[[ Dataset section, beginning ]]
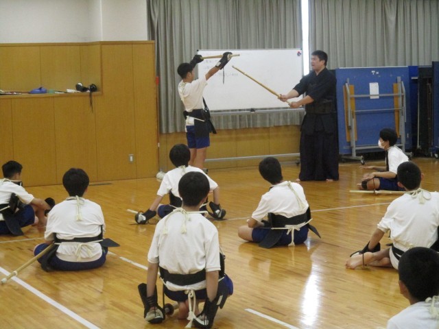 最後には先生が面を装着し、1人ひとりのメン打ちを受け、相手を打つ実感を体験しました。岡本先生、誰のメン打ちが心に響きましたか?剣道の所作から日本の文化を知り、竹刀で相手を打ち合いながら技術を磨くことを通して相手を尊重する礼の精神性を身につけていって欲しいと思います。日頃の生活でも、相手を思いやることができる心遣いを生かしていきましょう。
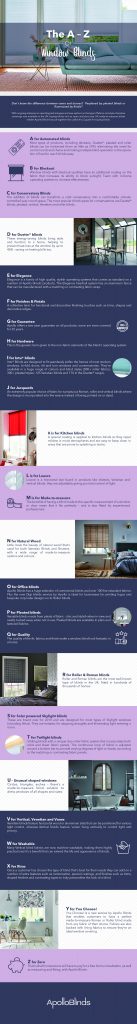Apollo Blinds has put together this useful A-Z guide to window blinds to help navigate the growing number of types of window coverings and fabrics available, as well as explaining any terminology and technological advances in window blinds operating systems.
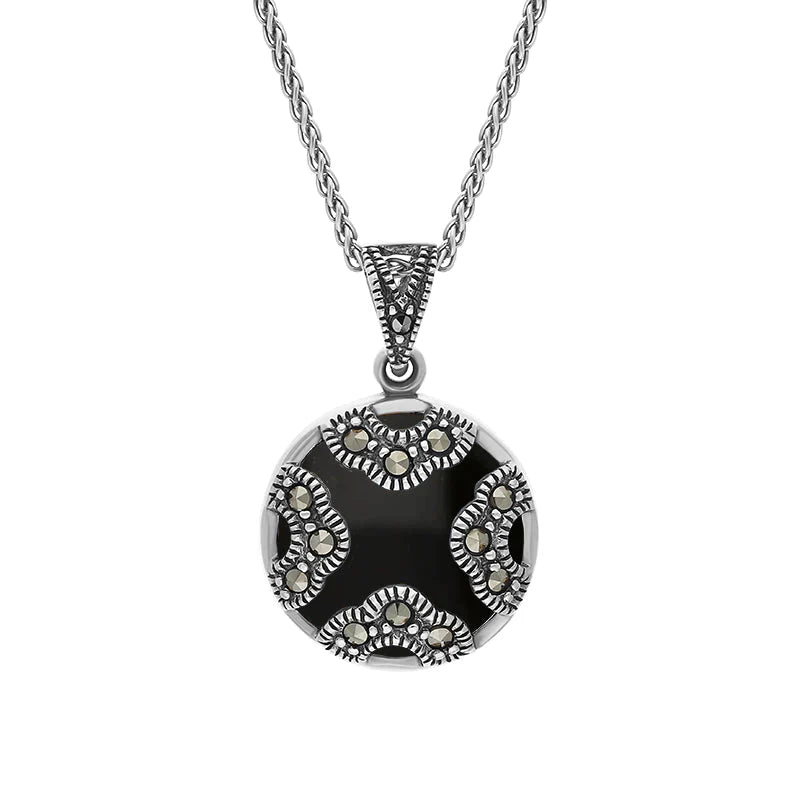 This feminine necklace features a stunning circular shaped Whitby Jet stone, sourced directly from the North East coast of Yorkshire. The stone is set within a sterling silver floral arc design which is adorned with marcasite gemstones, bringing a sophisticated sparkle to the piece. The pendant hangs gracefully from a marcasite embellished bail on a sterling silver 18 inch chain complete with a classic bolt ring clasp for easy wear.
[[ Dataset section, end ]]
Work to complete -> Only the pictures are to be left out; the rest of the material above should be printed verbatim.

Written answer ->
 最後には先生が面を装着し、1人ひとりのメン打ちを受け、相手を打つ実感を体験しました。岡本先生、誰のメン打ちが心に響きましたか?剣道の所作から日本の文化を知り、竹刀で相手を打ち合いながら技術を磨くことを通して相手を尊重する礼の精神性を身につけていって欲しいと思います。日頃の生活でも、相手を思いやることができる心遣いを生かしていきましょう。
Apollo Blinds has put together this useful A-Z guide to window blinds to help navigate the growing number of types of window coverings and fabrics available, as well as explaining any terminology and technological advances in window blinds operating systems.
 This feminine necklace features a stunning circular shaped Whitby Jet stone, sourced directly from the North East coast of Yorkshire. The stone is set within a sterling silver floral arc design which is adorned with marcasite gemstones, bringing a sophisticated sparkle to the piece. The pendant hangs gracefully from a marcasite embellished bail on a sterling silver 18 inch chain complete with a classic bolt ring clasp for easy wear.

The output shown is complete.